The Wraiths roaming the galaxy, who might know about our arrival, weren't the friendliest neighbors. I was surprised that after Sudaria, a few hive-ships hadn't already shown up in orbit around Lantea, Atlantis's mother planet. Just to check if everything was still the same here.
Which meant it was high time to think about the city's defenses.
Atlantis, like the outposts and ships of the Ancients, was equipped with offensive and defensive systems, namely three launching bays for homing missiles known as drones. They could be launched via a mental command given through the Ancient control chair, which the city also had. And with the ZPM, we could actually do it.
An Ancient Drone.
The Jumpers had similar weapons, but only a dozen each. In total, between the damaged and operational ships, we had about a hundred of them, and we'd already stripped the ammo from the Jumpers that would never fly again, along with the spare parts we needed to repair the others. Chaya mercilessly dismantled any other Jumper parts suitable for repairing the city and integrated them into the damaged systems.
For example, we managed to restore control of the lower hangar, the main subspace transmitter, and brought Atlantis's short-range scanners back online. Small victories achieved in our five days in the city.
But it didn't help our defense at all.
The problem was that the city had almost no ammunition. We had more drones on the Jumpers than in Atlantis's arsenal. And even if we transferred all of them to the city's defense, it would be enough to destroy maybe one, maybe two to five Wraith ships. But the moment we did that, every Wraith in the galaxy would flock to Lantea. Because the dying ones would undoubtedly tell everyone what killed them. That's the kind of animals they were.
So, Atlantis was that "deus ex machina" big, impressive, everyone's in awe of it... But in reality, it was a pain.
The city's numerous damages prevented us from using it as a ship for our own purposes. The lack of weapons meant we couldn't even think about facing the enemy head-on. The hyperdrive needed spare parts, the sublight drives needed repairs, the hull needed welding, new wiring, new crystals — which the Ancients and their tech-based devices used instead of the usual circuit boards, energy accumulators, relays, and so on.
Not to mention what I kept saying: almost every lab in this city contained a dangerous, and in most cases, lethal technology or experiment. The lab for "mechanical Ascension," whose activation in most cases turned a person into photoplasma or gave them extra limbs, was a direct example.
There's a saying for moments like this: "decayed grandeur." And I was inclined to agree. Atlantis was a hemorrhoid if you didn't know how to fix it.

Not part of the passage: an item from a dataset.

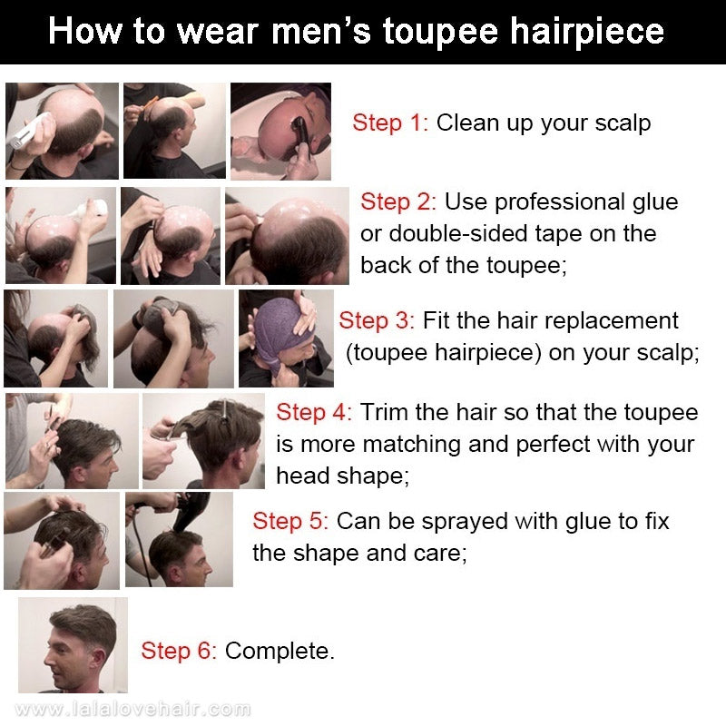 3/ Fit the hair replacement (toupee hairpiece) on your scalp;

And "healing" the city with just four people, three of whom had no idea what was going on or how things worked, was impossible. We needed more technically competent specialists. At least people familiar with Ancient technology on the level of understanding the general principles, the laws of physics, science in general...
The most obvious solution was the Stargate command on Earth. Those people had been dealing with Ancient technology for a few years and had learned to understand it pretty well.
But the situation with Earth was unclear. And even if we got there, it didn't mean we could come back. Plus, I wasn't exactly eager to get dragged into the problems of the Milky Way. That they were the size of Everest there was obvious even without any special superpowers.
Besides the Aurora with its crew of Ancients, there was another starship — the Tria. It was outside the galaxy, heading towards the Milky Way. The Ancients there were more alive. And on the surface, they seemed like the most preferable option. There were a little over a hundred of them there, I think... But to get to them, we'd need a ship with a hyperdrive. And then try to find them in the interstellar void. Quite a task.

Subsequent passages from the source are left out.